Он начал было уже закрывать дверь, как вдруг Анна оттолкнула его и устремилась в огромный холл-прихожую.
— Эй! Ты что делаешь? Тебе туда нельзя. А ну стой!
Но Анна уже была на середине резной деревянной лестницы и тянула за собой сына. Потрясенный лакей закрыл входную дверь и бросился догонять непрошеных гостей.
— Я вызову полицию! — орал он. — Клянусь, вызову!
Анна была уже на уровне первого пролета. Там в золотой раме висел портрет капитана Винсента Карлайла Флеминга, хозяина этого дома и председателя правления «Угольной компании Флемингов». Картина была выполнена десять лет назад, когда этому человеку было пятьдесят и он был в расцвете сил. На портрете был изображен в полный рост высокий, очень красивый мужчина с темными волосами и густой бородой. Он был в строгом сюртуке и лакированных туфлях. Его левая рука царственно упиралась в бедро. Ник загляделся было на портрет, но мать уже тащила его дальше.
— Кто это? — задыхаясь от бега, спросил он.
— Твой отец, — последовал мрачный ответ.
Нику стало страшно: уж не сошла ли его мама с ума?
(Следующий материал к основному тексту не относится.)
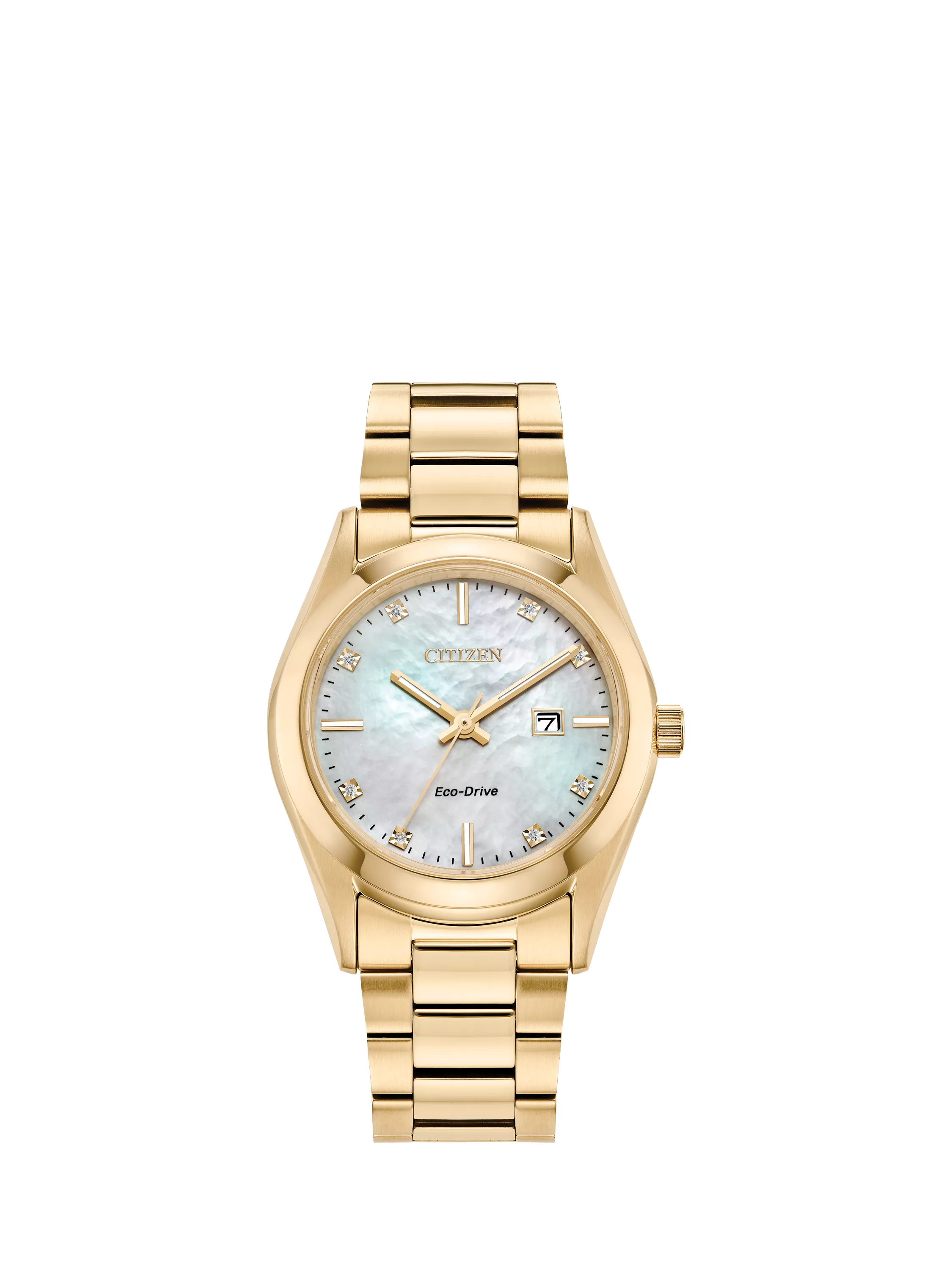 Elevate your daily looks with this timepiece from Citizen. Fusing wearability with feminine elegance, this timepiece is the ultimate day-to-evening watch to wear. The stainless steel case measures 33mm in diameter and is presented on a 3-link stainless steel bracelet for a sleek, versatile wear on the wrist. The dial features 8 diamond accents. With water resistance uto 100 metres and date display at the 3 o'clock position. Powered by Citizen’s proprietary Eco-Drive technology to provide light-powered vitality continuously and sustainably without ever needing a battery.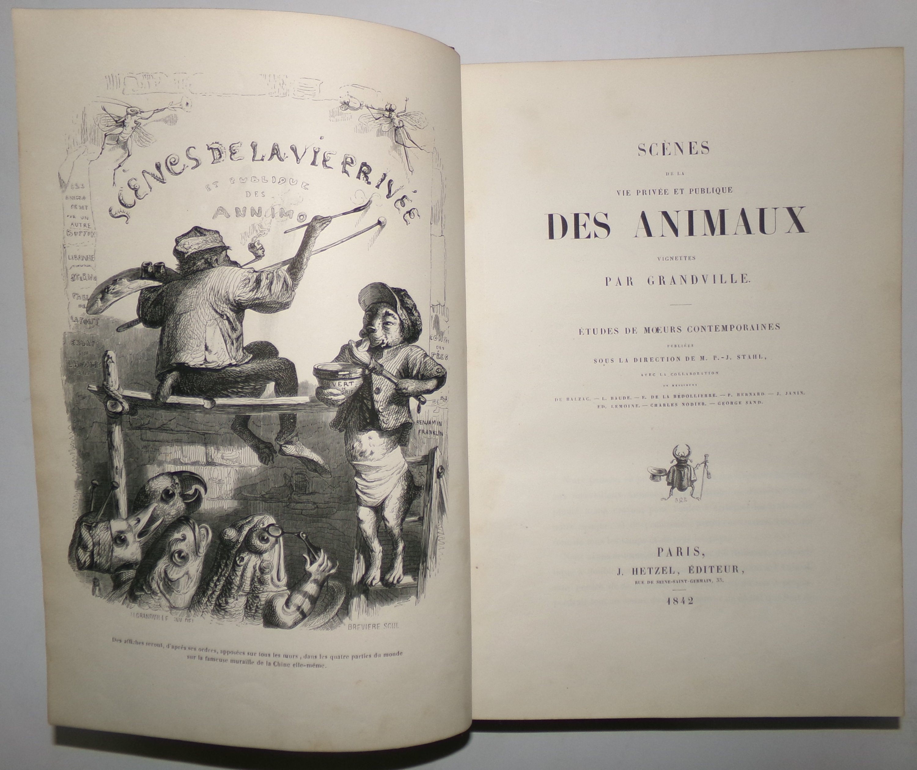 Jean Isidore Grandville, Scènes de la vie privée et publique des animaux. Tome 1er. Paris, Hetzel, 1842. In-4 rel. in-4, 387 pp. et tables. Bel exemplaire.

Когда лестница осталась позади, Анна без тени колебаний повернула влево и устремилась по обитому темным деревом коридору к тяжелой двери, которая виднелась в самом его конце. Ник — его детское сознание потеряло всякие ориентиры в горячечной пляске разыгравшихся на его глазах драматических событий — со страхом оглянулся, ожидая увидеть нагоняющего их негра-лакея.
«Он сейчас убьет нас! — подумал он. Ник уже привык думать по-английски. — Черный лакей сейчас убьет нас. О Боже, что же это? Мой отец? Но моим отцом был Крэг Томпсон…»
Ворвавшись в спальню, они остановились. Здесь было царство покоя и тишины. Широко раскрытыми голубыми глазами Ник осматривался. Это была большая с высоким потолком комната, по стенам висели невзрачные пейзажи с пасущимися коровами и картины на исторические сюжеты. Темно-зеленые бархатные шторы на окнах были задернуты. Лампы, работавшие на лампадном масле, бросали неровный свет на восточные ковры и бургундские шелковые обои. У дальней стены стояла старинная, обитая медью кровать. На ней полулежал, опираясь на подоткнутые под голову пухлые подушки, человек в ночной сорочке. В нем Ник признал мужчину, изображенного на том портрете на лестнице. Правда, такое сравнение сразу напоминало «Портрет Дориана Грея». Борода из темной превратилась в седую, лицо запало и напоминало лицо покойника, могущество, лучившееся с портрета, в жизни поистерлось с годами и из-за болезни. В комнате пахло лекарствами.